There was a significant relationship between the patients’ gender and the caregivers’ QoL, such that the caregivers who cared for the female patients had higher QoL than those who cared for the male patients. No significant relationship was found between the QoL and age, which is in agreement with a study [27] and inconsistent with Wong et al., study [21]. There was no significant relationship between the duration of the patient’s illness and the caregiver’s QoL. In this study, the number of family members, the employment status and the illness diagnosis had no significant relationship with the caregivers’ QoL, which might be due to the low sample size or heterogeneity of the participants. Including the caregivers of patients with different mental disorders and identifying the factors related to the careqivers’ QoL was a strength of this study.
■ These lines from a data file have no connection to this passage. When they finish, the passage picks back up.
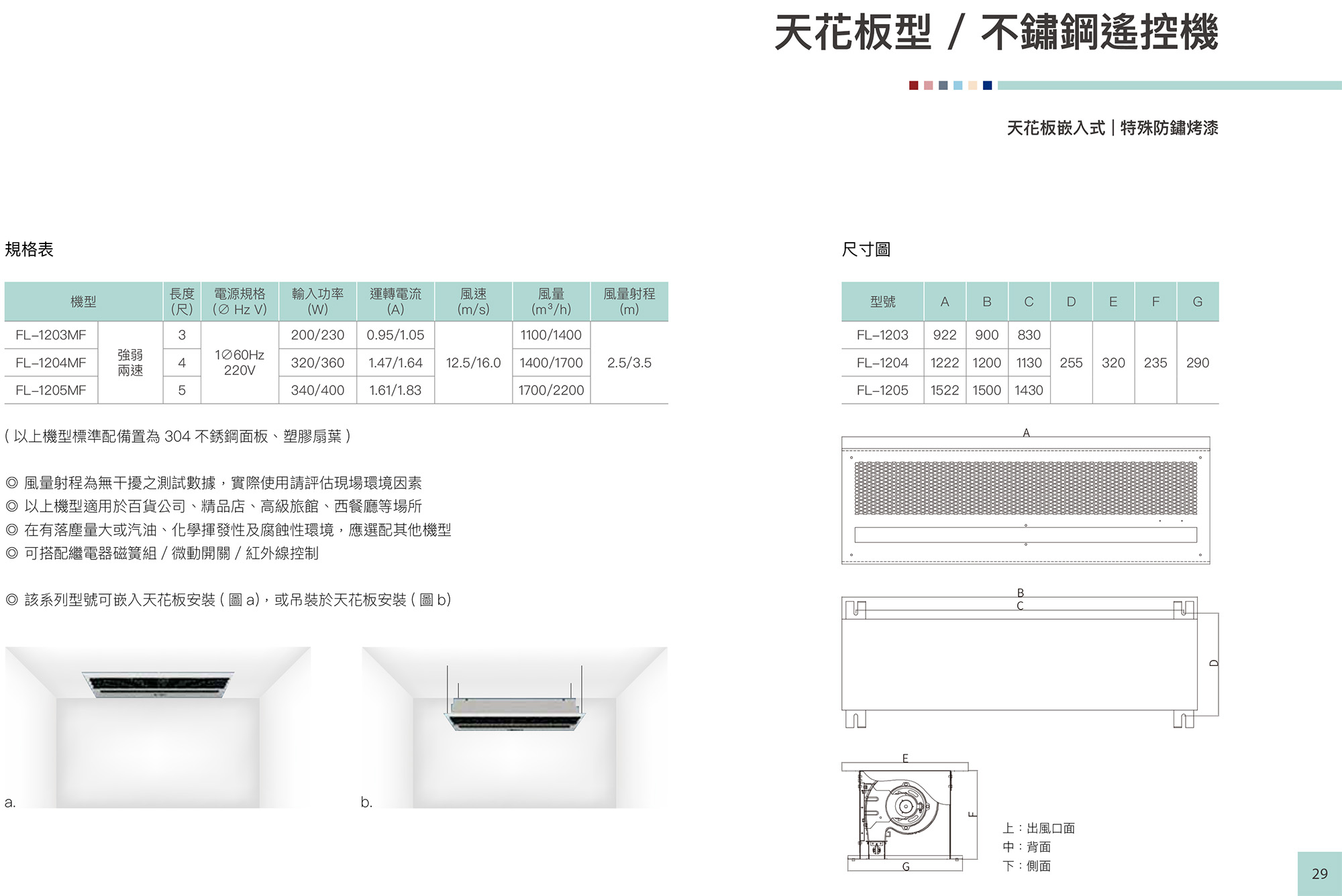 2. 天花板嵌入式,304不繡鋼面板耐潮濕
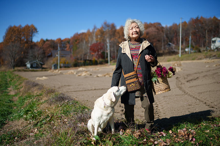 そして、犬が一緒に写っているのが「伝わる」最大の要因なのだろうと思う。犬の純真さと都会の不純物から離れた山の暮らしは、ピュアな点で一致する。犬の笑顔は、穏やかな老後の象徴である。
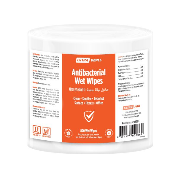 Extra Hygiene Antibacterial Wet Wipes provide powerful cleaning, sanitising, and disinfection, eliminating 99.9% of germs and bacteria without alcohol. Designed for high-traffic areas, these extra-thick, tear-resistant wipes are gentle on surfaces and skin, thanks to Aloe Vera and Chamomile Extract.

However, further studies are recommended with larger sample size of the caregivers of patients with mental disorders. For example, interventional studies can be implemented to enhance the life skills to encounter psychosocial stressors and therefore prevent subsequent problems.
Limitation
A limitation of the present study was lack of considering cultural, economic and social differences among the caregivers, severity of the patients’ illness and emotional conditions of the caregivers during the study. The findings of this study may be affected by the patients’ data that were drawn from self-report questionnaires. Besides that, we had financial and time constraints to conduct this work.
Conclusion
According to the results of this study, it may be possible to obtain information about the factors influencing the QoL of the caregivers of patients with mental disorders. In this study, the QoL of these caregivers was obtained low. Therefore, it is important to develop suitable plans for improving their QoL at different subscales. Nurses can implement local and international changes to improve the caregivers’ QoL. Regular evaluation and screening of the caregivers’ QoL is necessary to identify the caregivers in need of support. Besides that, this helps to determine the needs of these patients’ families and to prevent adverse effects on other family members. Providing psychological counseling and educational programs seems essential for the patients’ families.
Conflict of Interest
The authors declared no potential conflict of interest regarding the research, authorship and/or publication of this article.
*Some participants did not fill out the questionnaires completely. Therefore, we have missing data.